### Directions for this task
Below are some records. Return exactly their lines from the one containing "Uma mão amarela" through the one containing "如果你也有以上困难,小编特此", and drop the pictures.

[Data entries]
__________________________________________________

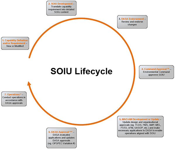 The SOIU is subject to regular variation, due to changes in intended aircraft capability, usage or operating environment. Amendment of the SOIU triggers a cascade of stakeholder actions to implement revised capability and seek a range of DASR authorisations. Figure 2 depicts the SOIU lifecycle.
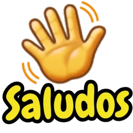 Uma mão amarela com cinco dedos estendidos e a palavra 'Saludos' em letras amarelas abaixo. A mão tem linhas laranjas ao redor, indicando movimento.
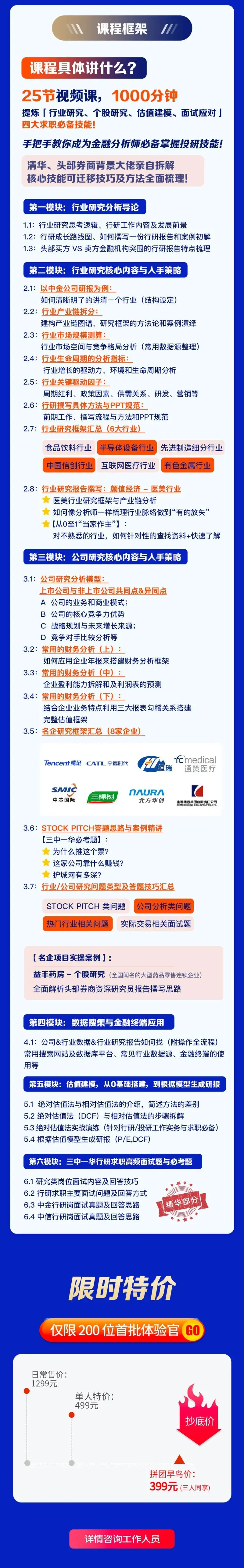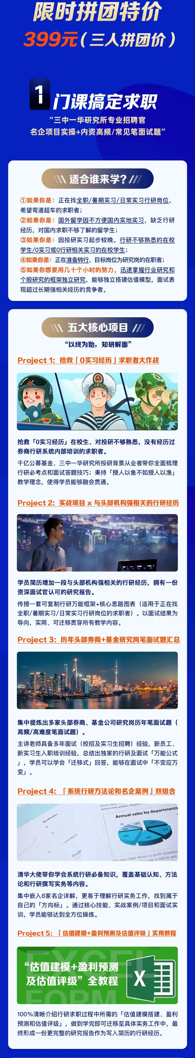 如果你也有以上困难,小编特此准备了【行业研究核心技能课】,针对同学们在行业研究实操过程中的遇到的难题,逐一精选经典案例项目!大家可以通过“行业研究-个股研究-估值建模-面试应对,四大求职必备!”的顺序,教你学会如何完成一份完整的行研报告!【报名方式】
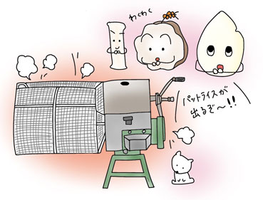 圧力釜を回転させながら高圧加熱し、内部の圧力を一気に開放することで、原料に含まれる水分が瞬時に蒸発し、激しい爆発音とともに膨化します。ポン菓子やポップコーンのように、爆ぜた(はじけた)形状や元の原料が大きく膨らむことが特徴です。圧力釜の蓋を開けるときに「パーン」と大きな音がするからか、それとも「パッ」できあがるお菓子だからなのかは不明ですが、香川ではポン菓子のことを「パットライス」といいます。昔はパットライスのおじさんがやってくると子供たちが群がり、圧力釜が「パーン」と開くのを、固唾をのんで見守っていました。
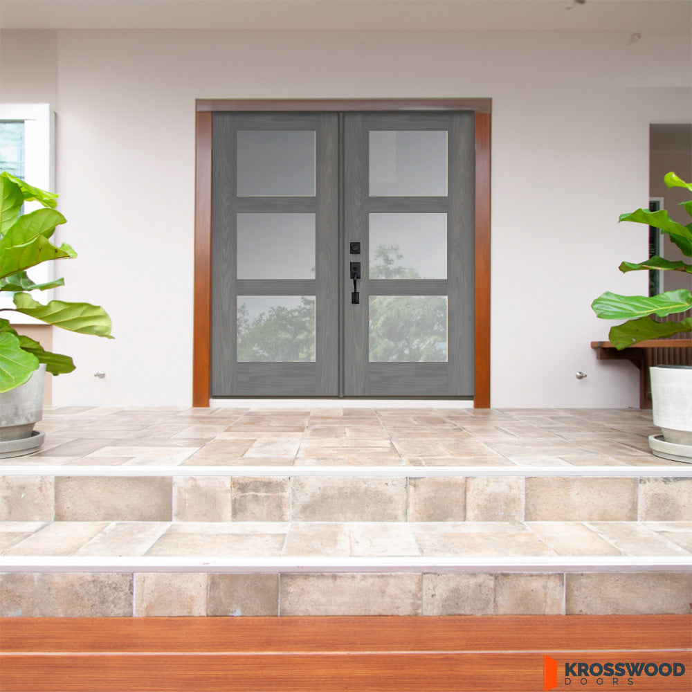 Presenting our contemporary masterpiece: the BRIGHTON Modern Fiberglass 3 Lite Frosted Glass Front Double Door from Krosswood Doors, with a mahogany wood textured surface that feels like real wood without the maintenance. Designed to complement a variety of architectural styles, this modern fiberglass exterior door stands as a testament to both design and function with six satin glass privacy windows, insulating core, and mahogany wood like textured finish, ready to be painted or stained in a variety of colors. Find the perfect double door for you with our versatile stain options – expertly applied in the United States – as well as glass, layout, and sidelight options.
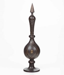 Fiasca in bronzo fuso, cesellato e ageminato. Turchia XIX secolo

__________________________________________________

### Expected answer
 Uma mão amarela com cinco dedos estendidos e a palavra 'Saludos' em letras amarelas abaixo. A mão tem linhas laranjas ao redor, indicando movimento.
 如果你也有以上困难,小编特此准备了【行业研究核心技能课】,针对同学们在行业研究实操过程中的遇到的难题,逐一精选经典案例项目!大家可以通过“行业研究-个股研究-估值建模-面试应对,四大求职必备!”的顺序,教你学会如何完成一份完整的行研报告!【报名方式】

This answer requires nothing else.